|
HP OpenVMS Cluster Systems
C.5 Diagnosing LAN Component Failures
Section D.5 provides troubleshooting techniques for LAN component
failures (for example, broken LAN bridges). That appendix also
describes techniques for using the Local Area OpenVMS Cluster Network
Failure Analysis Program.
Intermittent LAN component failures (for example, packet loss) can
cause problems in the NISCA transport protocol that delivers System
Communications Services (SCS) messages to other nodes in the OpenVMS
Cluster. Appendix F describes troubleshooting techniques and
requirements for LAN analyzer tools.
C.6 Diagnosing Cluster Hangs
Conditions like the following can cause a OpenVMS Cluster computer to
suspend process or system activity (that is, to hang):
C.6.1 Cluster Quorum is Lost
The OpenVMS Cluster quorum algorithm coordinates activity among OpenVMS
Cluster computers and ensures the integrity of shared cluster
resources. (The quorum algorithm is described fully in Chapter 2.)

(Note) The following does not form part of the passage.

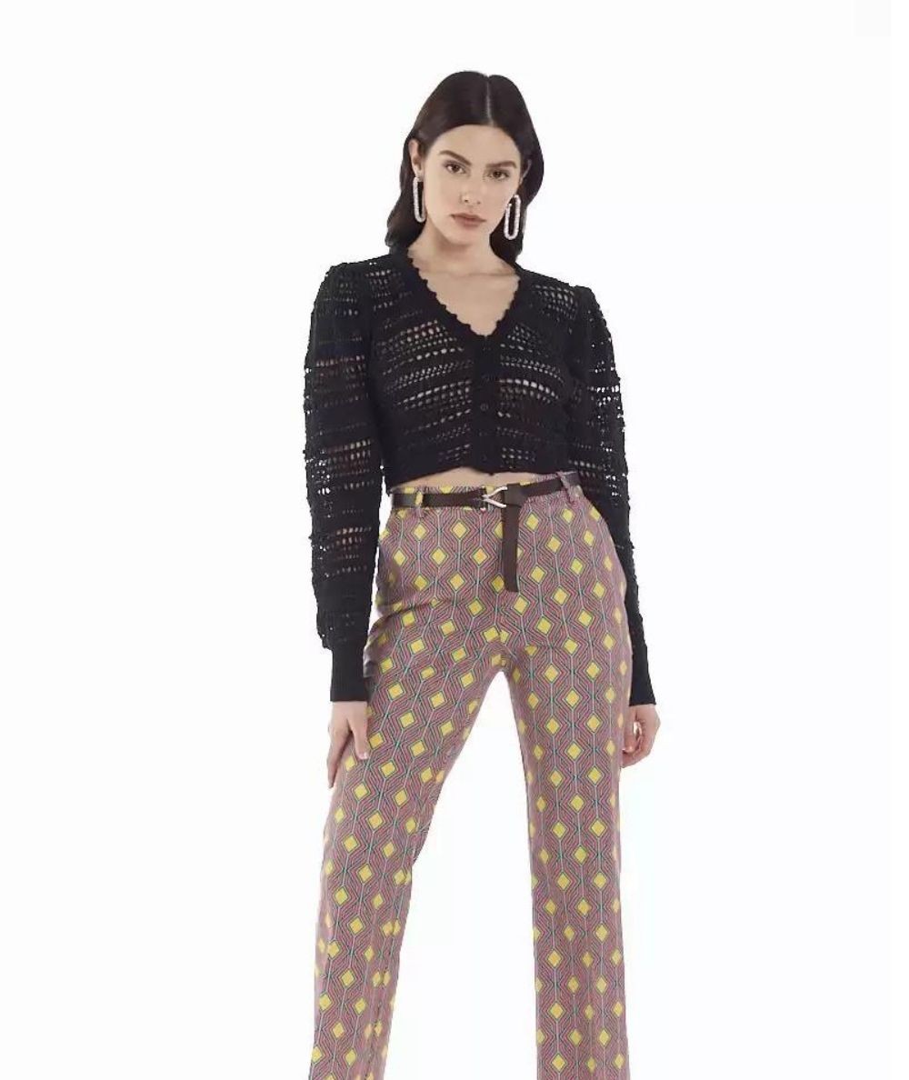 Cardigan di KAOS JEANS. Modello crop effetto crochet. Made in Italy. Codice: OPJLT006 Colore: NERO

Quorum is checked after any change to the cluster configuration---for
example, when a voting computer leaves or joins the cluster. If quorum
is lost, process and I/O activity on all computers in the cluster are
blocked.
Information about the loss of quorum and about clusterwide events that
cause loss of quorum are sent to the OPCOM process, which broadcasts
messages to designated operator terminals. The information is also
broadcast to each computer's operator console (OPA0), unless broadcast
activity is explicitly disabled on that terminal. However, because
quorum may be lost before OPCOM has been able to inform the operator
terminals, the messages sent to OPA0 are the most reliable source of
information about events that cause loss of quorum.
If quorum is lost, you might add or reboot a node with additional votes.
Reference: See also the information about cluster
quorum in Section 10.11.
C.6.2 Inaccessible Cluster Resource
Access to shared cluster resources is coordinated by the distributed
lock manager. If a particular process is granted a lock on a resource
(for example, a shared data file), other processes in the cluster that
request incompatible locks on that resource must wait until the
original lock is released. If the original process retains its lock for
an extended period, other processes waiting for the lock to be released
may appear to hang.
Occasionally, a system activity must acquire a restrictive lock on a
resource for an extended period. For example, to perform a volume
rebuild, system software takes out an exclusive lock on the volume
being rebuilt. While this lock is held, no processes can allocate space
on the disk volume. If they attempt to do so, they may appear to hang.
Access to files that contain data necessary for the operation of the
system itself is coordinated by the distributed lock manager. For this
reason, a process that acquires a lock on one of these resources and is
then unable to proceed may cause the cluster to appear to hang.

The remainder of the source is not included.